▸ Data shown:

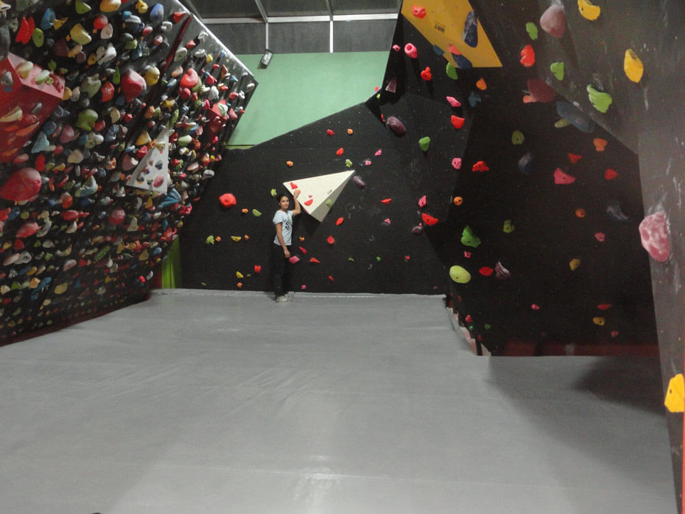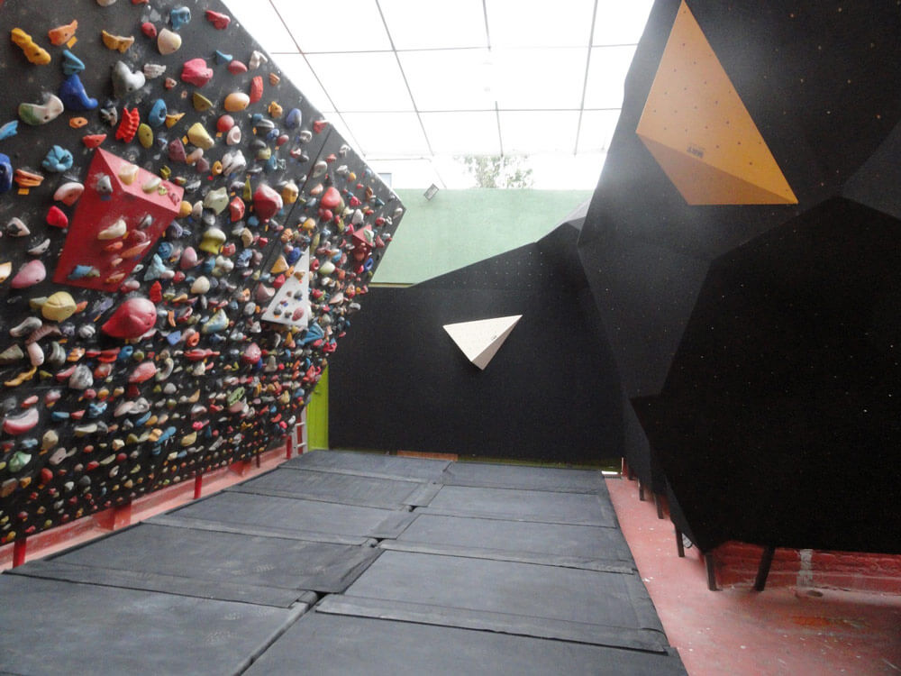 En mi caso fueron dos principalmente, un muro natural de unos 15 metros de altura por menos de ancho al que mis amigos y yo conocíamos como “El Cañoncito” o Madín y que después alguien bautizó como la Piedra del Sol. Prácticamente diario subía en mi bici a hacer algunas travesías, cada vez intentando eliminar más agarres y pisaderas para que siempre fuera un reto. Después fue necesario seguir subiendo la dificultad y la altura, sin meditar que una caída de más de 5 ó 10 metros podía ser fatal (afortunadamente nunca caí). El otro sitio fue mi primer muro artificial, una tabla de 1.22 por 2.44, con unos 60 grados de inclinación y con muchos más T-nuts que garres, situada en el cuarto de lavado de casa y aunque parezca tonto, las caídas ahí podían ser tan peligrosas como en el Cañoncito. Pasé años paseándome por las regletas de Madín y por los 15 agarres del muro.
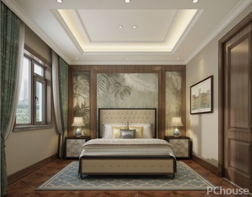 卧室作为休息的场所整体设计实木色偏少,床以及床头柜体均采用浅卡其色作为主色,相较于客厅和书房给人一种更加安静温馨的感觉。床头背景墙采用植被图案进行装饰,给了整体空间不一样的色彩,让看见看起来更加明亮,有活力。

---

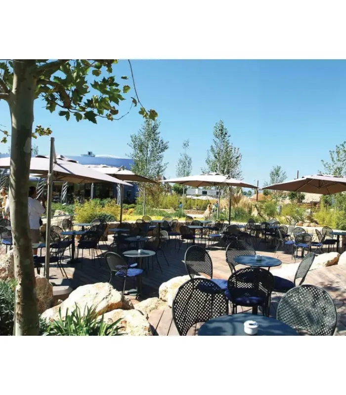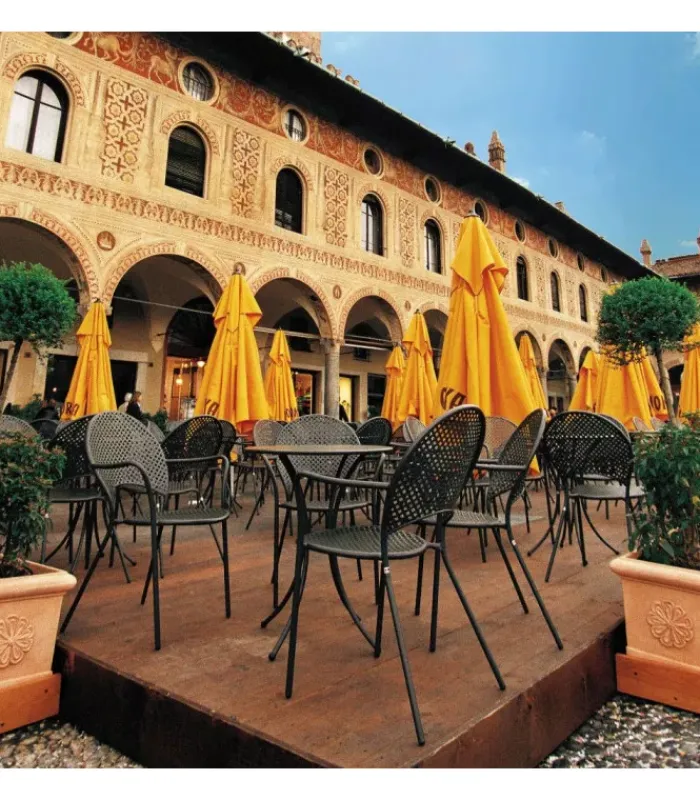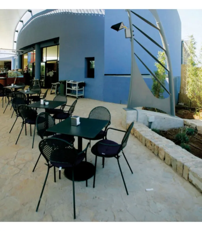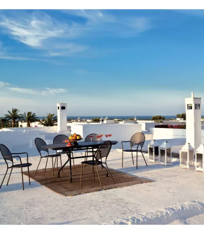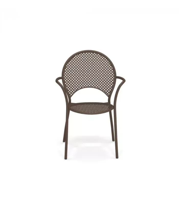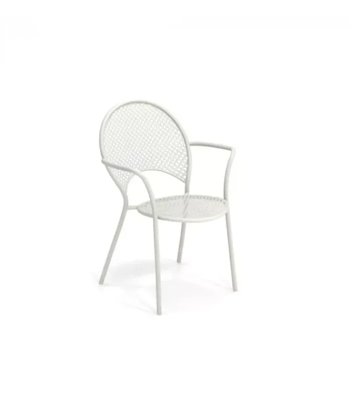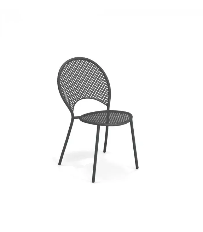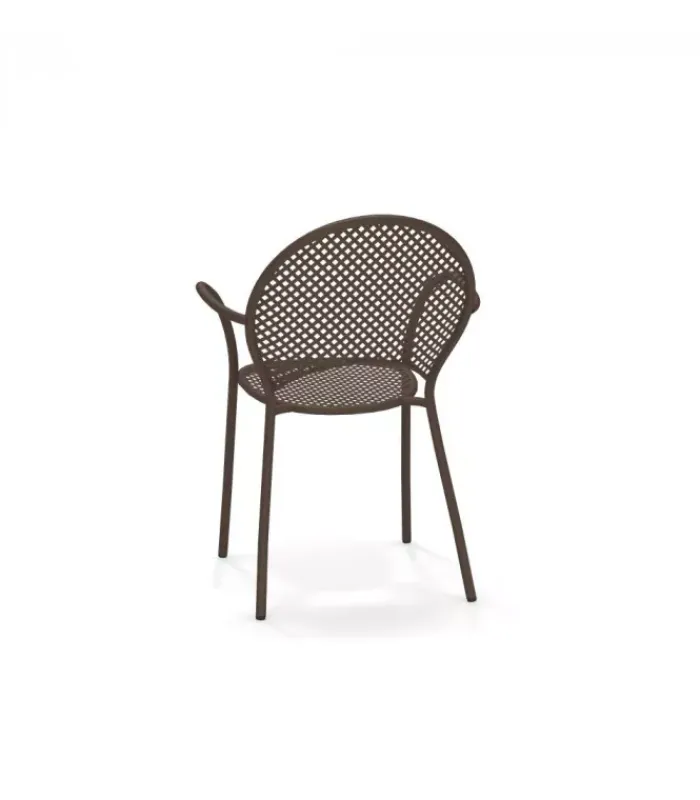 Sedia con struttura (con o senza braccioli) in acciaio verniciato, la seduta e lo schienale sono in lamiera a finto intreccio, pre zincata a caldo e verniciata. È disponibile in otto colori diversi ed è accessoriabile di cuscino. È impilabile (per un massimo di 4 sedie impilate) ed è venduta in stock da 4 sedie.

▸ Assigned task:
In the listing above, find the line with "En mi caso fueron" and the line with "卧室作为休息的场所整体设计实". Copy exactly those two and every line between, without the pictures.

▸ Response area:
 En mi caso fueron dos principalmente, un muro natural de unos 15 metros de altura por menos de ancho al que mis amigos y yo conocíamos como “El Cañoncito” o Madín y que después alguien bautizó como la Piedra del Sol. Prácticamente diario subía en mi bici a hacer algunas travesías, cada vez intentando eliminar más agarres y pisaderas para que siempre fuera un reto. Después fue necesario seguir subiendo la dificultad y la altura, sin meditar que una caída de más de 5 ó 10 metros podía ser fatal (afortunadamente nunca caí). El otro sitio fue mi primer muro artificial, una tabla de 1.22 por 2.44, con unos 60 grados de inclinación y con muchos más T-nuts que garres, situada en el cuarto de lavado de casa y aunque parezca tonto, las caídas ahí podían ser tan peligrosas como en el Cañoncito. Pasé años paseándome por las regletas de Madín y por los 15 agarres del muro.
 卧室作为休息的场所整体设计实木色偏少,床以及床头柜体均采用浅卡其色作为主色,相较于客厅和书房给人一种更加安静温馨的感觉。床头背景墙采用植被图案进行装饰,给了整体空间不一样的色彩,让看见看起来更加明亮,有活力。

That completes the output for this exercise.